[Records contained in a dataset]
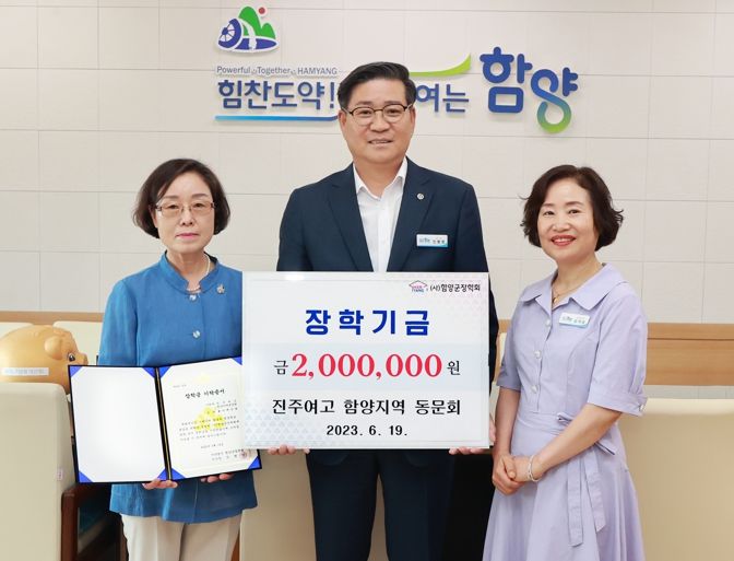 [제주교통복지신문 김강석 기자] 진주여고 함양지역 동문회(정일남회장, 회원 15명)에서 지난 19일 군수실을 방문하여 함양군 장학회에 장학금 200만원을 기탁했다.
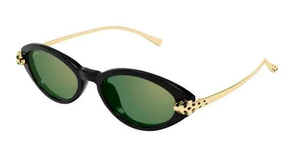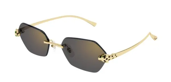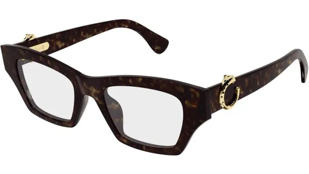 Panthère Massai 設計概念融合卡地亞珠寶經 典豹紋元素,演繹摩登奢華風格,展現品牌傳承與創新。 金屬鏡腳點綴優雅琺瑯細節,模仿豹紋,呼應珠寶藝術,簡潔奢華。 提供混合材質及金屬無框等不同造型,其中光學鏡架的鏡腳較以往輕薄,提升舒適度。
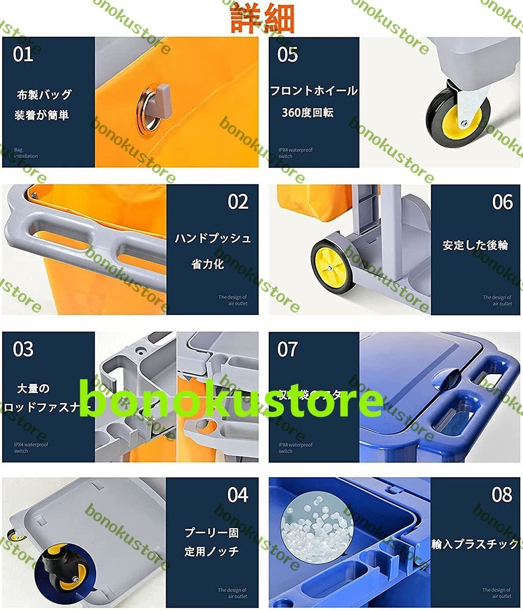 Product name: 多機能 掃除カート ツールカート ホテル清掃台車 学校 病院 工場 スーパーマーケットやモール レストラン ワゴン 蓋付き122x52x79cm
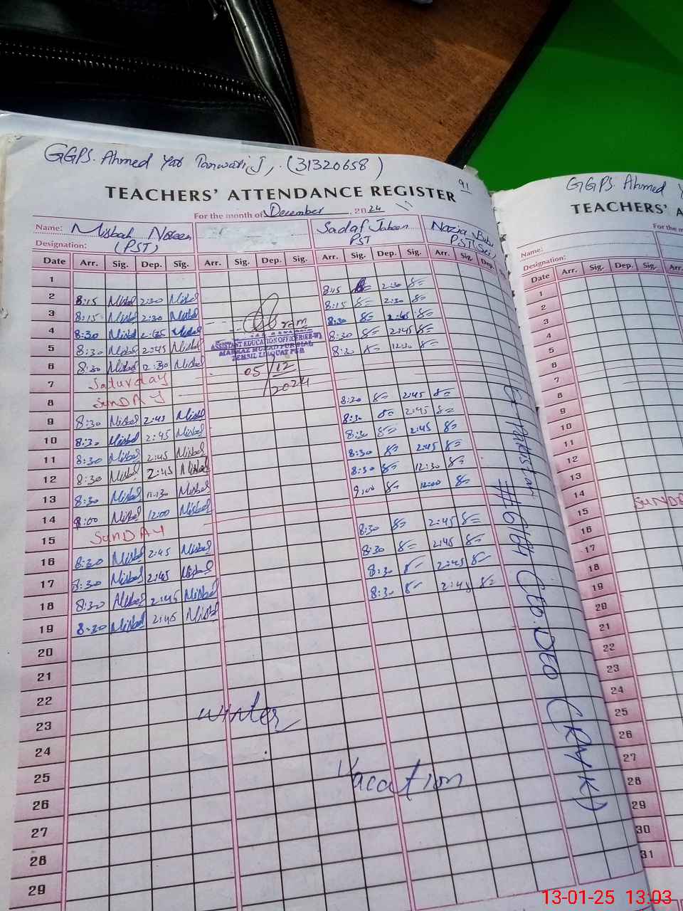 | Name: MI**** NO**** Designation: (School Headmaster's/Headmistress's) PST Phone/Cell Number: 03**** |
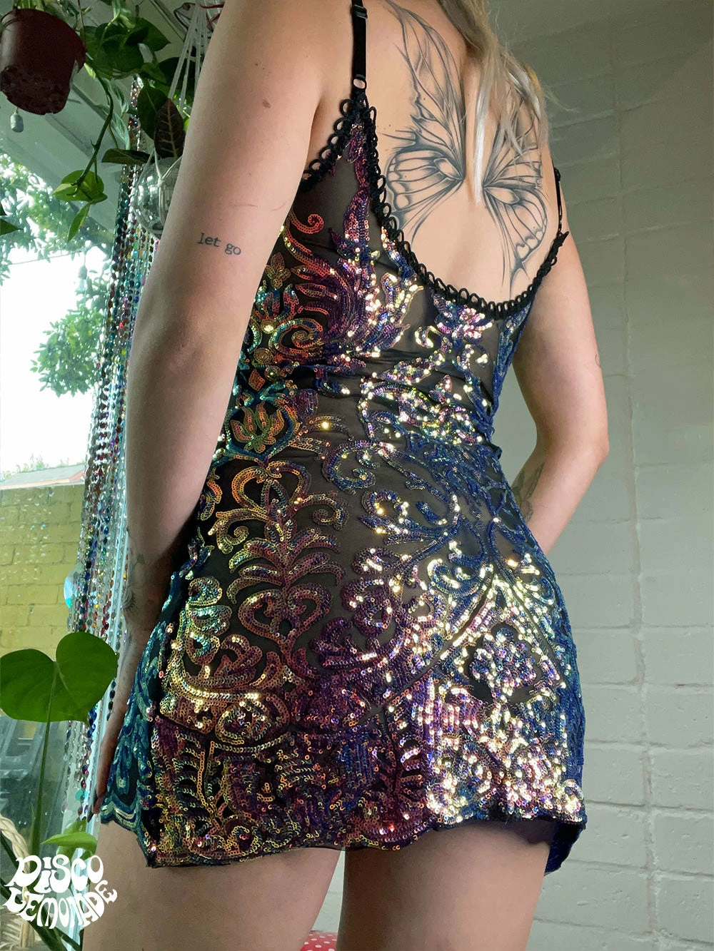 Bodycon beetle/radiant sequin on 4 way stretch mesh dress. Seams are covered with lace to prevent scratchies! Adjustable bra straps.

▸ To do
Every line of the records above must reappear exactly, though the pictures must not.

▸ Answer for this exercise
 [제주교통복지신문 김강석 기자] 진주여고 함양지역 동문회(정일남회장, 회원 15명)에서 지난 19일 군수실을 방문하여 함양군 장학회에 장학금 200만원을 기탁했다.
 Panthère Massai 設計概念融合卡地亞珠寶經 典豹紋元素,演繹摩登奢華風格,展現品牌傳承與創新。 金屬鏡腳點綴優雅琺瑯細節,模仿豹紋,呼應珠寶藝術,簡潔奢華。 提供混合材質及金屬無框等不同造型,其中光學鏡架的鏡腳較以往輕薄,提升舒適度。
 Product name: 多機能 掃除カート ツールカート ホテル清掃台車 学校 病院 工場 スーパーマーケットやモール レストラン ワゴン 蓋付き122x52x79cm
 | Name: MI**** NO**** Designation: (School Headmaster's/Headmistress's) PST Phone/Cell Number: 03**** |
 Bodycon beetle/radiant sequin on 4 way stretch mesh dress. Seams are covered with lace to prevent scratchies! Adjustable bra straps.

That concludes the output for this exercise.